Anomalous localization and duality in non-Hermitian quasiperiodic models

Abstract

Boundary conditions can have dramatic impact in non-Hermitian systems, as exemplified by the non-Hermitian skin effect. Focusing on one-dimensional non-Hermitian quasiperioidic lattices, we show that the interplay of quasiperiodicity and the non-Hermitian skin effect leads to counterintuitive localization properties. On the one hand, for Anderson localized states under the periodic boundary condition, we find that their localization features can be boundary-sensitive, which originates from the incompatibility of the periodic boundary condition with quasiperiodicity.
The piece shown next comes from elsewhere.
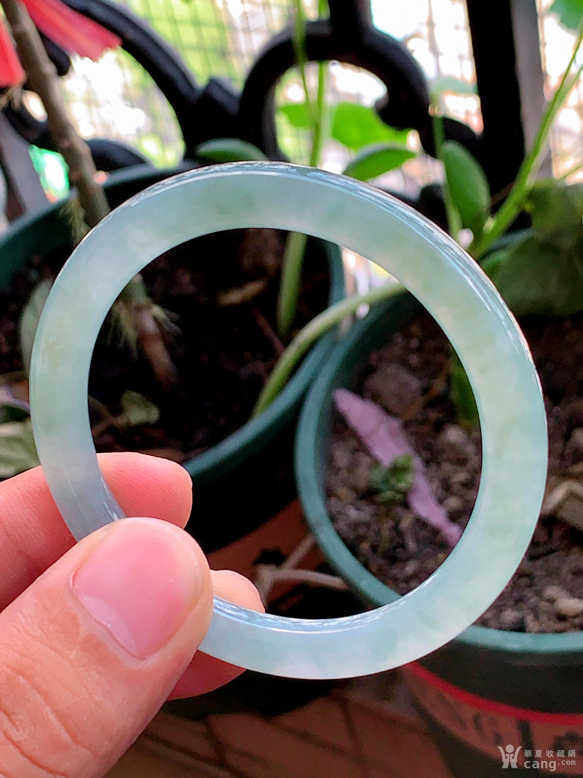 缅甸天然翡翠A货冰透水润飘花圆条手镯54.5圈口

On the other hand, for non-localized states, the well-known extended-localized duality relation can break down, as their counterparts in the dual model can also be nonlocal. We discuss how these remarkable phenomena can be engineered and analyzed from the perspective of Lyapunov exponents. Our findings shed new light on localization in non-Hermitian quasiperiodic systems.

Figures (5)

• Figure 1: Schematics of spatial profiles of eigenstates under the OBC and PBC for different sign patterns of the Lyapunov exponents. Green profiles denote non-localized states, red ones denote Anderson localized states, blue denotes boundary-localized skin modes, and yellow denotes states that are extended in one direction and localized in the other sun2025. The quantity $1/|\gamma_i|$ indicates the corresponding localization length.
• Figure 2: (a)(b) Eigenspectra of $\hat{H}_{1}(g,0)$ under (a) PBC and (b) OBC, respectively, where the color indicates the FD of the corresponding eigenstate. The parameters are (a1)(b1) $g=0$ and (a2)(b2) $g=1$. (c) Spatial distributions of typical localized states, marked in (a2) with matching colors. (d) Spatial distributions of every tenth eigenstate in (b2). These eigenstates are all localized toward the boundary $n=1$. The system size for all calculations is $N=4181$.
• Figure 3: Spatial distributions for eigenstates of $\hat{H}_{1}(g,0)$, with $E=0.025$, and (a) $g=0.5$, (b) $g=1$, (c) $g=1.5$, (d) $g=2$. Black dots represent numerical results, and red lines denote linear fits. The numbers outside the brackets represent the localization strengths obtained from the linear fits, and those within the brackets represent the corresponding $\gamma_{3}(E)$ and $\gamma_{4}(E)$. For all calculations, the system size is $N=10946$ and the PBC is imposed.
• Figure 4: (a)(b) Eigenspectra of (a) $\hat{H}_{1}(1,h)$ and (b) $\hat{H}_{2}(1,h)$, respectively, under the PBC, with color contours indicating the FD of the corresponding eigenstates. The parameters are (a1)(b1) $h=0.1$, (a2)(b2) $h=0.4$, and (a3)(b3) $h=0.6$. (c1-c3)(d1-d3) Spatial distributions of the eigenstates marked by circles on the real axis in (a1–a3) and (b1–b3), respectively. The corresponding sign patterns of $\gamma_{i}(E)$ are indicated in the upper-right corners of (c)(d). For all calculations, the system size is fixed at $N=4181$ under the PBC, with the irrational number $\tau$ is approximated by $\tau_{\rm RA}=2584/4181$.
• Figure S1: (a) Lyapunov exponents of the boundary-sensitive localized states in Fig. 2(a3) of the main text, plotted as functions of the inverse logarithm of the system size, $1/\ln N$. Points of different colors correspond to $\gamma_1$ (red), $\gamma_2$ (yellow), $\gamma_3$ (green), and $\gamma_4$ (blue), respectively. Dashed lines show linear fittings for the smallest $\gamma_1$, the largest $\gamma_2$, the smallest $\gamma_3$, and the largest $\gamma_4$ for each $N$. The sign pattern $(---+)$ of the Lyapunov exponents remains unchanged with increasing system size. (b) Scaling analysis of the FD for a dual pair of eigenstates of the models $H_1$ and $H_2$, marked by circles on the real axis in Fig. 4(a3) and (b3) of the main text. Black dots are numerical results, and red lines are linear fittings. Both FDs approach $1$ as $N$ approaches inifinity, confirming that these states are extended.